Были здесь и представители доминионов, тоже в темных пальто. Дэвид узнал нескольких верховных комиссаров, с которыми сталкивался по работе, – например, коренастого и хмурого Форстера из Южной Африки. Позади них стояли послы других стран, сражавшихся в Великой войне: Роммель из Германии, зять Муссолини Чиано, дипломаты из Франции и Японии, Джо Кеннеди из США. А вот представителя России не было: как союзница Германии, Британия все еще официально находилась в состоянии войны с Советским Союзом, хотя не имела возможности отправить свои войска в гигантскую мясорубку под названием «советско-германская война», которая продолжалась уже одиннадцать лет на фронте протяженностью в тысячу двести миль.

Чуть поодаль группа людей окружала телекамеру для внестудийного вещания – здоровенную приземистую штуковину с тянувшимися из нее толстыми проводами, с надписью «Би-би-си» на боку. Рядом с ней виднелась дородная фигура Ричарда Димблби, что-то говорившего в микрофон, хотя Дэвид находился слишком далеко, чтобы расслышать слова.

Сара поежилась и потерла ладони, обтянутые перчатками.

– Черт, как холодно. Бедный папа промерзнет до костей, дожидаясь начала марша. – Она посмотрела на Кенотаф, голый белый мемориал. – Господи, как все печально.

– Ну, мы хотя бы знаем, что войны с Германией никогда больше не будет, – сказала Айрин.

– Глядите, вот она, – проговорила Бетти сдавленным от благоговения голосом.

Из Министерства внутренних дел вышла королева.

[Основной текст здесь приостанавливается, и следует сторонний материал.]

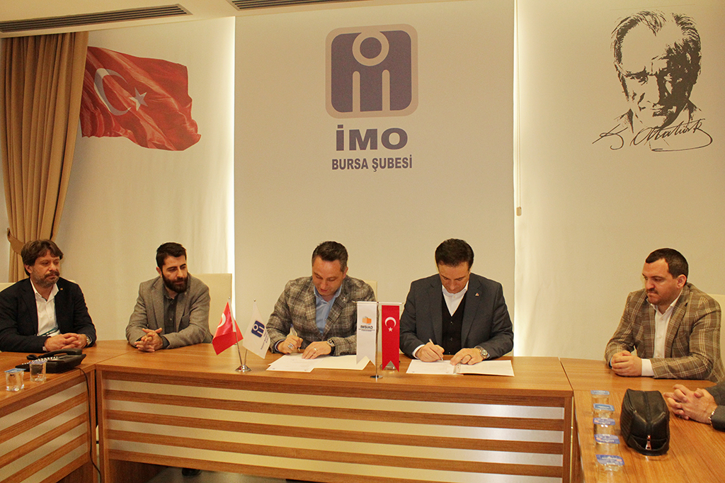 İMO Bursa Şube Yönetim Kurulu Başkanı Serdar Atilla Erdem ve İMSİAD Yönetim Kurulu Başkanı Şeref Demir bir araya gelerek protokolü imzaladılar.

Сопровождаемая королевой-матерью, бабушкой, старой королевой Марией, и несшими венки придворными, она встала перед архиепископом. Милое молодое личико плохо сочеталось с черным одеянием. То было одно из немногих ее появлений на публике с тех пор, как умер ее отец – в этом же году. Дэвиду показалось, что королева выглядит усталой и испуганной. Глядя на нее, он вспомнил лицо покойного Георга VI в 1940 году, когда тот ехал по Уайтхоллу в открытой машине рядом с Адольфом Гитлером. Это было во время официального визита фюрера после подписания Берлинского мирного договора. Дэвид тогда поправлялся после полученного в Норвегии обморожения и смотрел церемонию по телевизору: его купил отец, когда Би-би-си возобновила трансляцию, одним из первых на улице. Гитлер, похоже, был на седьмом небе: сияющий, раскрасневшийся, розовощекий. Его мечта о союзе с арийской Британией наконец-то сбылась. Он улыбался и махал молчаливой толпе, король же сидел с застывшим лицом, лишь иногда вскидывая руку, и отклонялся в противоположную сторону. Некоторое время спустя отец Дэвида сказал, что с него хватит, и перебрался к своему брату в Новую Зеландию. Дэвид тоже уехал бы, если бы знал, как все обернется, послав к чертям государственную службу. Слава богу, подумал Дэвид с чувством, что мать не дожила до всего этого.

Сара глядела на королеву.

– Бедная женщина, – сказала она.

Дэвид покосился на нее.

– Зря она позволила сделать из себя марионетку, – проговорил он едва слышно.

– Разве у нее был выбор?

Дэвид не ответил.

Люди в толпе поглядывали на часы, а когда Биг-Бен начал отбивать одиннадцать ударов, разнесшихся по Вестминстеру, все замолчали, сняли шляпы и шапки. Затем, оглушительно громко среди безмолвия, выстрелила большая пушка, отмечая тот миг, когда в 1918 году смолкли орудия. Все склонили голову в двухминутном молчании, вспоминая о страшной цене, уплаченной Британией за победу в Великой войне, или, как Дэвид, за поражение сорокового года. Две минуты спустя полевая пушка на плацу Конной гвардии выстрелила снова, обозначив конец паузы. Горнист затрубил отбой, похоронный сигнал звучал невыразимо тоскливо и печально. Люди слушали молча, подставив обнаженные головы холоду, лишь изредка раздавался чей-нибудь сдавленный кашель. Всякий раз, присутствуя на церемонии, Дэвид удивлялся, как никто в толпе не расплачется или, памятуя о недавнем прошлом, не упадет с воем на землю.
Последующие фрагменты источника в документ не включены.